### GOAL OF THE EXERCISE
Below is a block of records; reproduce all of them exactly and leave out any pictures.

--- INFORMATION GIVEN ---

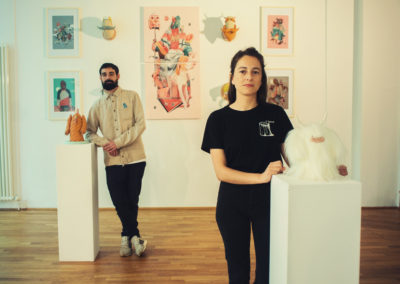They form the perfect synergy, as they combine illustration and painting with he creation of their recognizable art toys, unique pieces designed, drawn, cut out, sewn and sent by themselves.
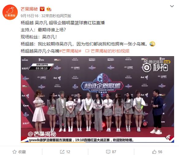 一年一度的企鵝籃球名人賽自2016年開辦,參加成員包括籃球明星和娛樂藝人,其中吳亦凡已連續參與三屆。15日,火箭少女出席籃球名人賽紅毯直播現場時,記者問到「最期待哪位嘉賓」,楊超越回應吳亦凡,並心直口快的解釋「因為他跟我一樣有小鳥嘴」,甚至現場做出噘嘴動作。
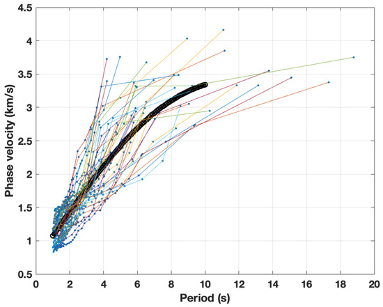 The picked phase velocity of every station pair is shown as colored lines. Blue circles are all the picked phase velocities. The thick black curve gives the average dispersion curve of all the picked data up to a maximum of 10 s.
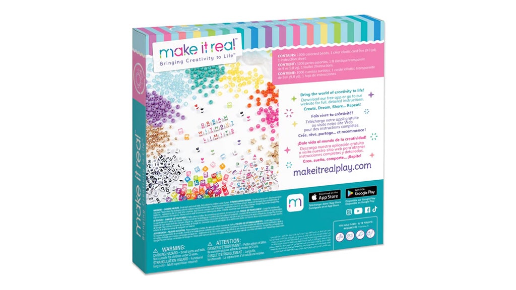 Komplet vsebuje samo kroglice in vrvico, zato boste potrebovali škarje, da vrvico odrežete na ustrezno dolžino. Za podrobna navodila in projektne ideje obiščite spletno stran Make It Real ali prenesite njihovo brezplačno aplikacijo iz trgovine Google Play ali Apple App Store.
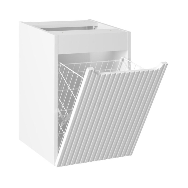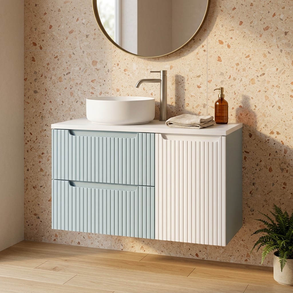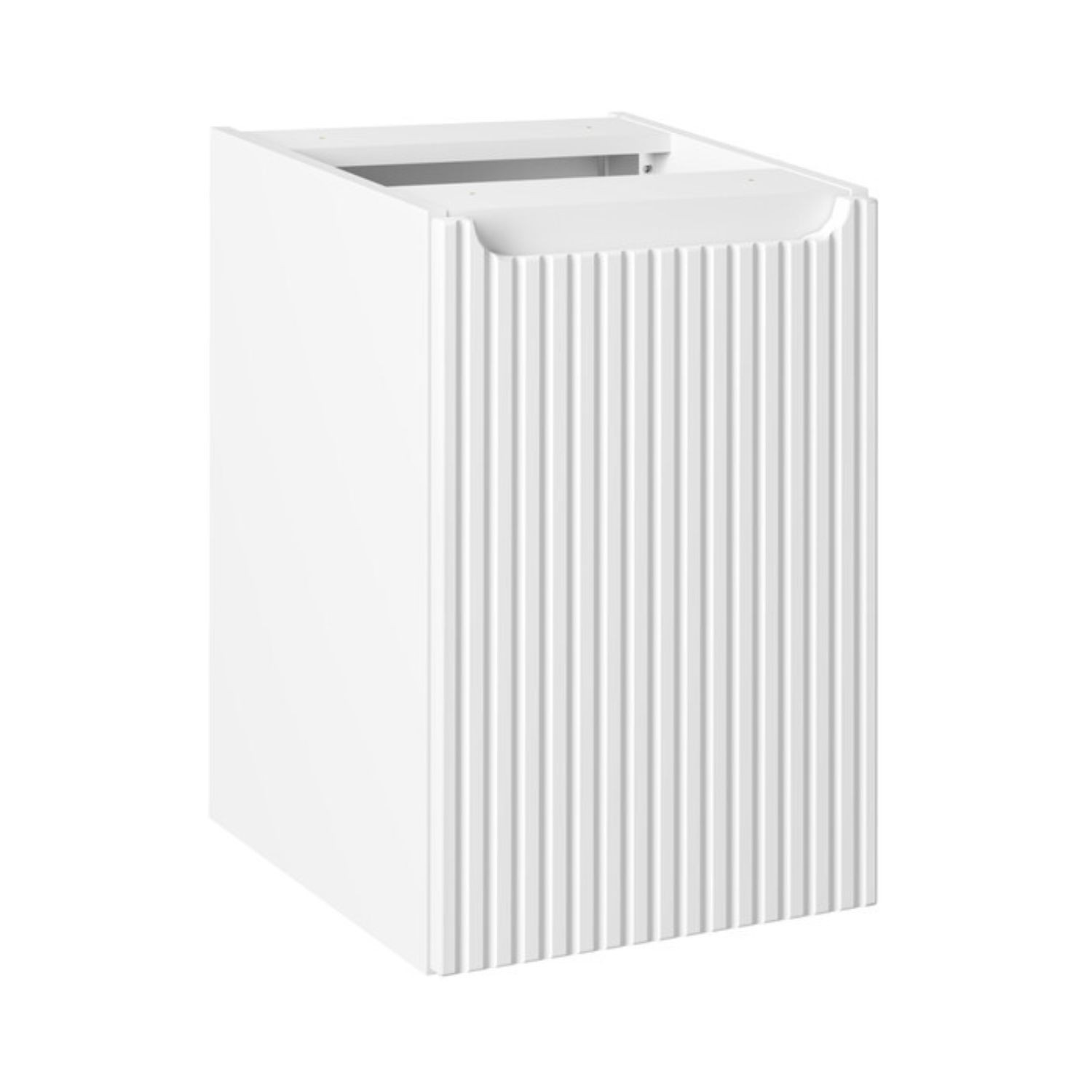 De verticaal gegroefde fronten voegen diepte toe en versterken de designstijl van het meubel, voor een trendy en verfijnde badkamer.
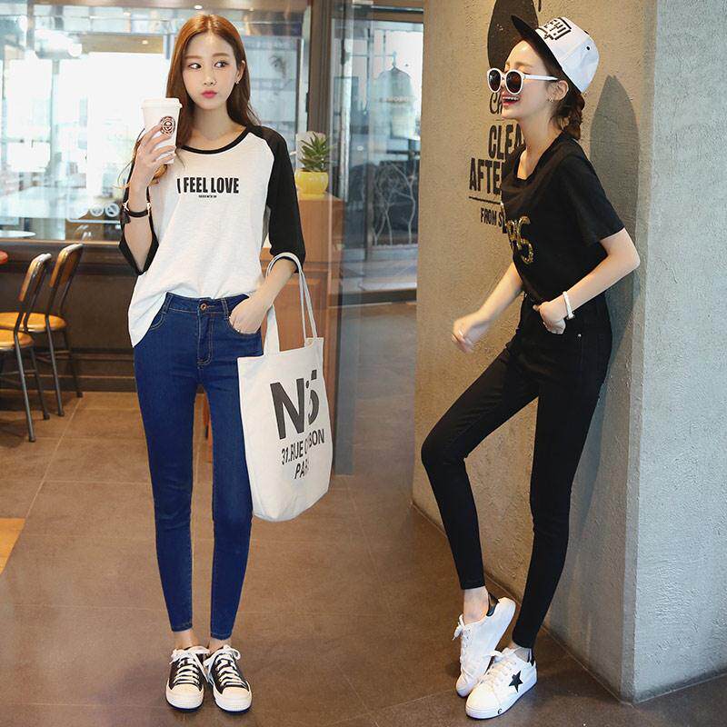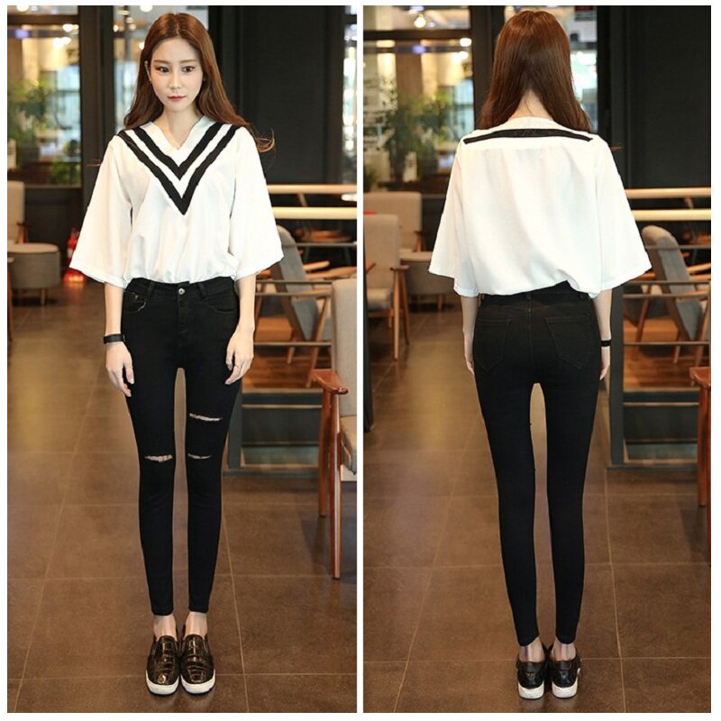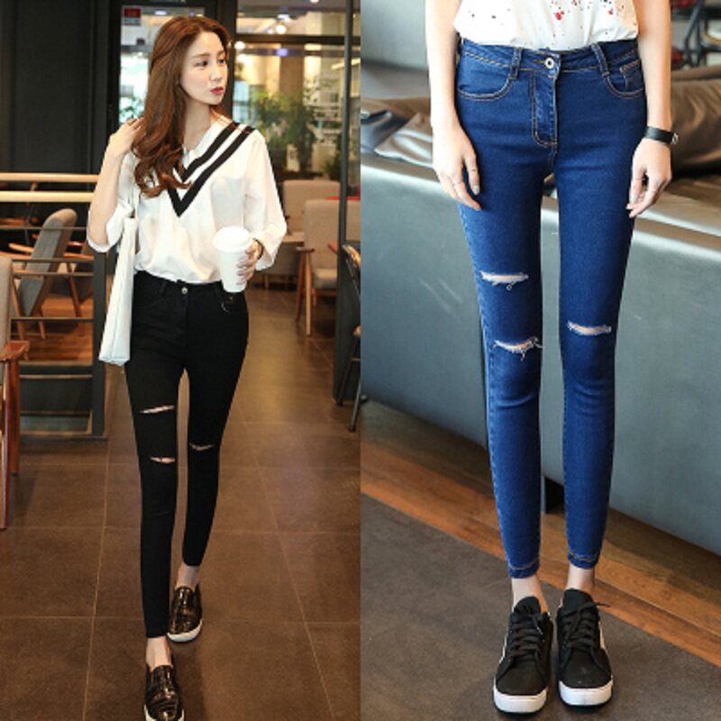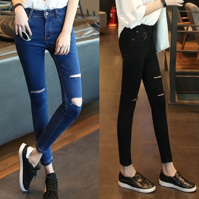 South Korea's autumn new high-waist jeans woman with slim elastic small foot pants Korean version knee breaking hole 90% pants-Taobao
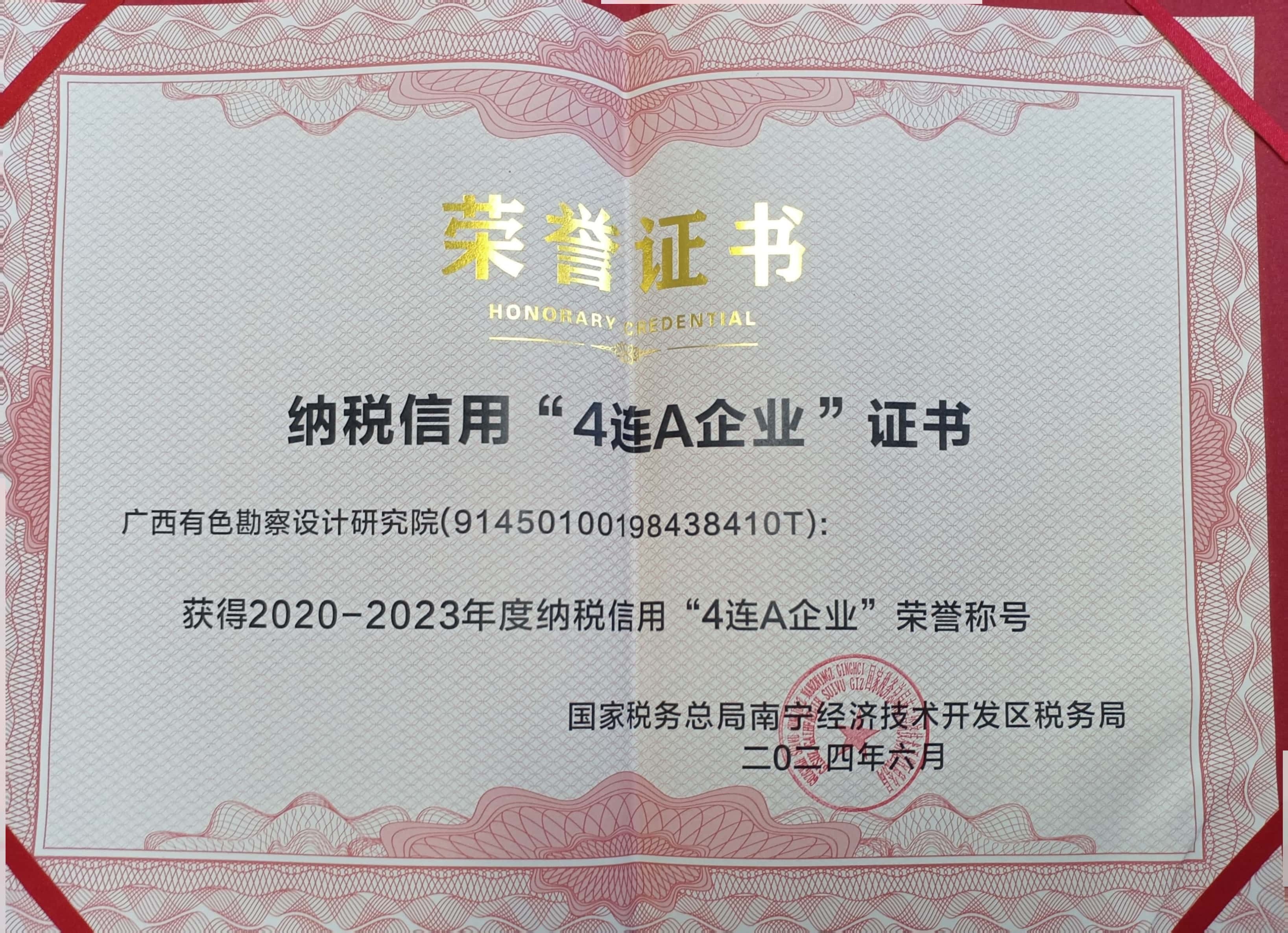 我院荣获2020-2023年度纳税信用“4连A企业"荣誉称号
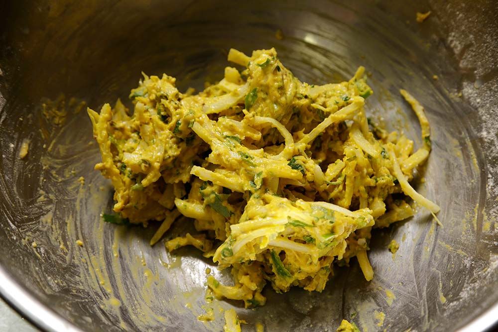 タマネギを加えて両手で上下を返し、まんべんなく粉をまとわせる。
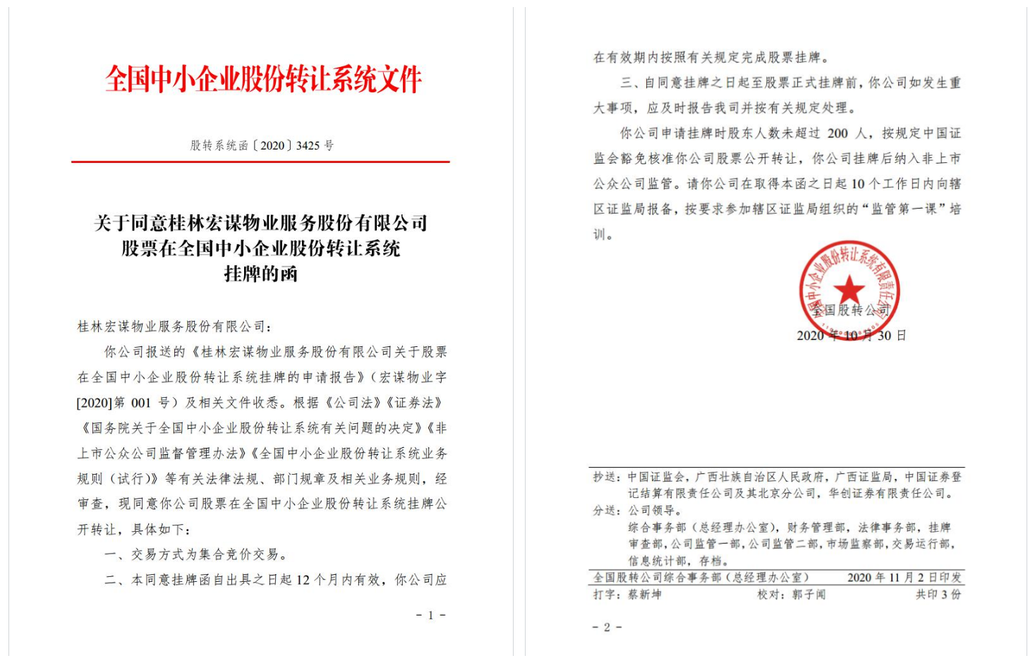2020年12月9日下午,桂林新城投資開發(fā)集團有限公司下屬子公司桂林宏謀物業(yè)服務股份有限公司在全國中小企業(yè)股份轉讓系統即新三板上市。桂林宏謀物業(yè)服務股份有限公司(股票簡稱:宏謀物業(yè);股票代碼:873532)成為桂林市第一家在新三板上市的國企物業(yè)公司。
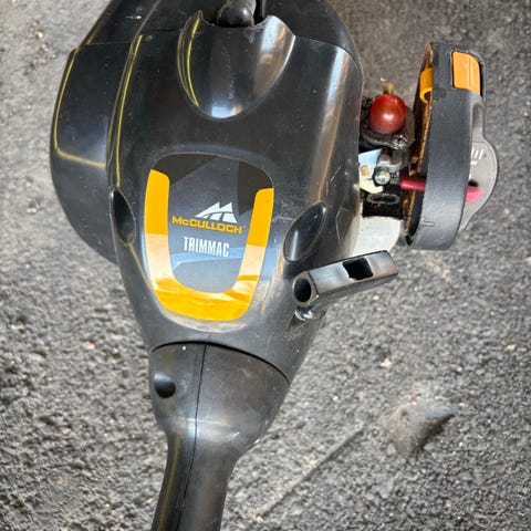 Partner Colibri II grästrimmer med bensinmotor. Maskinen har böjt riggrör och trådhuvud för trimning av gräs och ogräs runt kanter, rabatter och svåråtkomliga ytor. Gul motorenhet med svart handtag och skydd över trimmerhuvudet. Passar för användning i trädgård och runt tomt där finare grästrimning behövs.
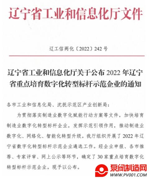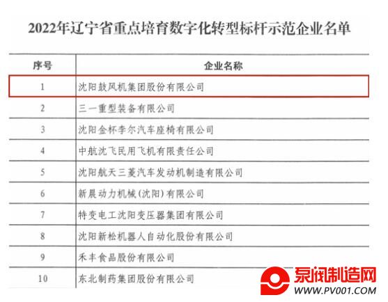 日前,辽宁省工业和信息化厅公布了《2022年辽宁省重点培育数字化转型标杆示范企业名单》,沈阳鼓风机集团股份有限公司以榜首位置成功入选!
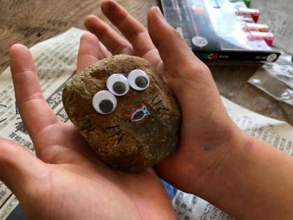 河原で拾った石でストーンペインティングをしています!いろんなハチ高原の自然がつまっていますね。

---

### TASK RESULT
They form the perfect synergy, as they combine illustration and painting with he creation of their recognizable art toys, unique pieces designed, drawn, cut out, sewn and sent by themselves.
 一年一度的企鵝籃球名人賽自2016年開辦,參加成員包括籃球明星和娛樂藝人,其中吳亦凡已連續參與三屆。15日,火箭少女出席籃球名人賽紅毯直播現場時,記者問到「最期待哪位嘉賓」,楊超越回應吳亦凡,並心直口快的解釋「因為他跟我一樣有小鳥嘴」,甚至現場做出噘嘴動作。
 The picked phase velocity of every station pair is shown as colored lines. Blue circles are all the picked phase velocities. The thick black curve gives the average dispersion curve of all the picked data up to a maximum of 10 s.
 Komplet vsebuje samo kroglice in vrvico, zato boste potrebovali škarje, da vrvico odrežete na ustrezno dolžino. Za podrobna navodila in projektne ideje obiščite spletno stran Make It Real ali prenesite njihovo brezplačno aplikacijo iz trgovine Google Play ali Apple App Store.
 De verticaal gegroefde fronten voegen diepte toe en versterken de designstijl van het meubel, voor een trendy en verfijnde badkamer.
 South Korea's autumn new high-waist jeans woman with slim elastic small foot pants Korean version knee breaking hole 90% pants-Taobao
 我院荣获2020-2023年度纳税信用“4连A企业"荣誉称号
 タマネギを加えて両手で上下を返し、まんべんなく粉をまとわせる。
2020年12月9日下午,桂林新城投資開發(fā)集團有限公司下屬子公司桂林宏謀物業(yè)服務股份有限公司在全國中小企業(yè)股份轉讓系統即新三板上市。桂林宏謀物業(yè)服務股份有限公司(股票簡稱:宏謀物業(yè);股票代碼:873532)成為桂林市第一家在新三板上市的國企物業(yè)公司。
 Partner Colibri II grästrimmer med bensinmotor. Maskinen har böjt riggrör och trådhuvud för trimning av gräs och ogräs runt kanter, rabatter och svåråtkomliga ytor. Gul motorenhet med svart handtag och skydd över trimmerhuvudet. Passar för användning i trädgård och runt tomt där finare grästrimning behövs.
 日前,辽宁省工业和信息化厅公布了《2022年辽宁省重点培育数字化转型标杆示范企业名单》,沈阳鼓风机集团股份有限公司以榜首位置成功入选!
 河原で拾った石でストーンペインティングをしています!いろんなハチ高原の自然がつまっていますね。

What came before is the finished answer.